Furthermore, possibly the single biggest determining factor affecting whether or not a child grows up in poverty is whether or not they are raised in a two parent family. Marriage and family are public goods with substantial positive social consequences. The general welfare of society is tied to strong families. Those who advocate change in the marriage laws and want marriage to be a private good between consenting adults are disproportionately affluent and distant from the impact marriage has on less affluent people, particularly children. It is the empowerment of narcissism over the public good, especially for children.

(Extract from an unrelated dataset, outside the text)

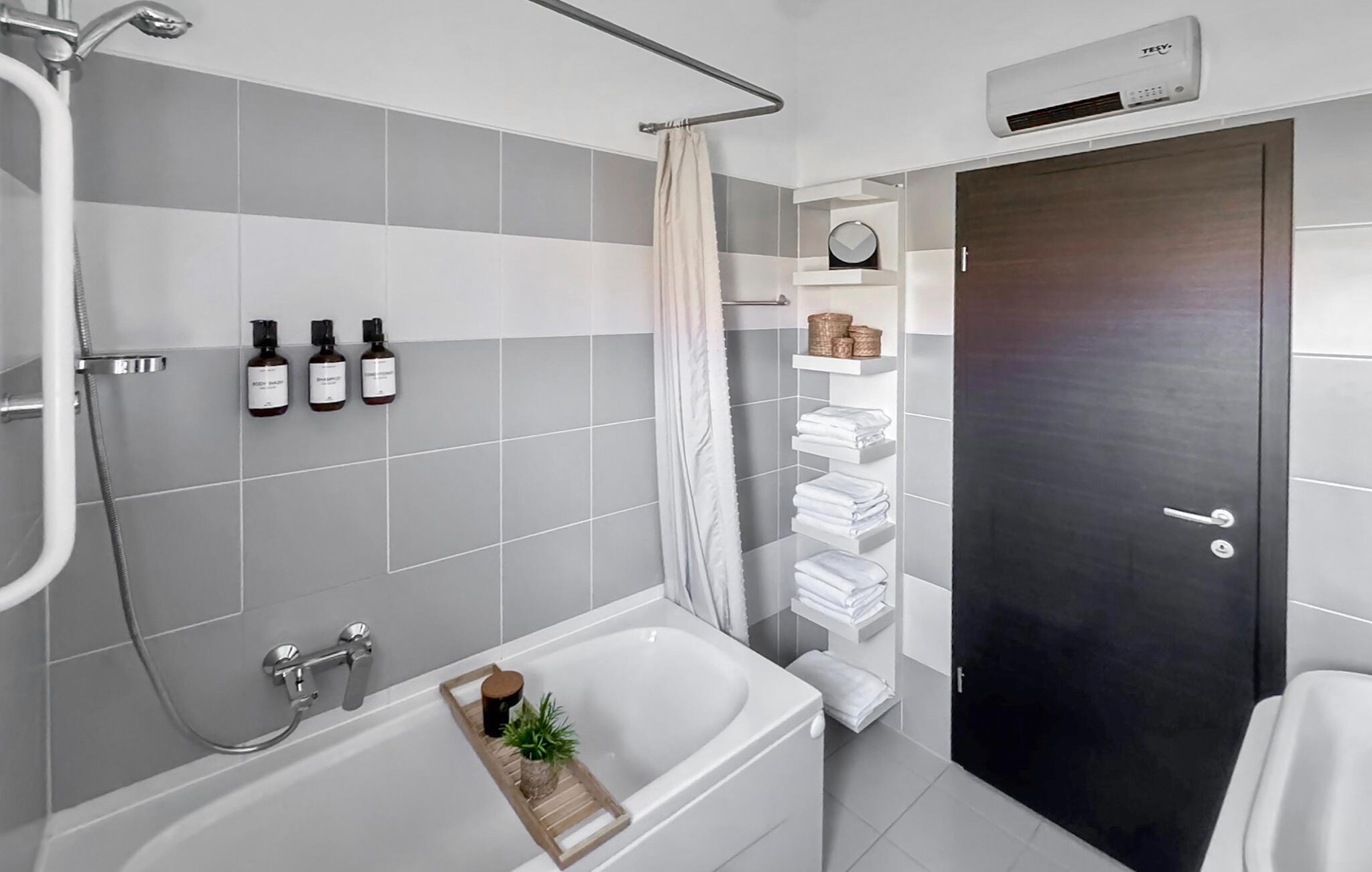 - WC mit warmem und kaltem Wasser, Badewanne

Many advocates of revising marriage laws trivialize the traditionalists as bigoted enemies of freedom. When this passion springs from compassion over the plight of gay persons I can appreciate the sentiment that wants to come to the aid of people who have been trivialized and demonized by society. Nevertheless, whether intended or not, it is the marriage revisionists that are undercutting the family; the single greatest obstacle to totalitarianism and the chief promoter of the public good.
(Note: If the issues surrounding family, public policy and culture are of interest to you I highly recommend William" Beau" Weston's blog The Gruntled Center: Family and Faith for Centrists.)
Speaking of The Gruntled Center, he had a posting yesterday called The Scary Children of Goodridge that kind of made one of the points of this chapter.
Posted by: Denis Hancock | Mar 25, 2006 at 03:52 PM
Thanks for pointing this out. I just went over and post a comment.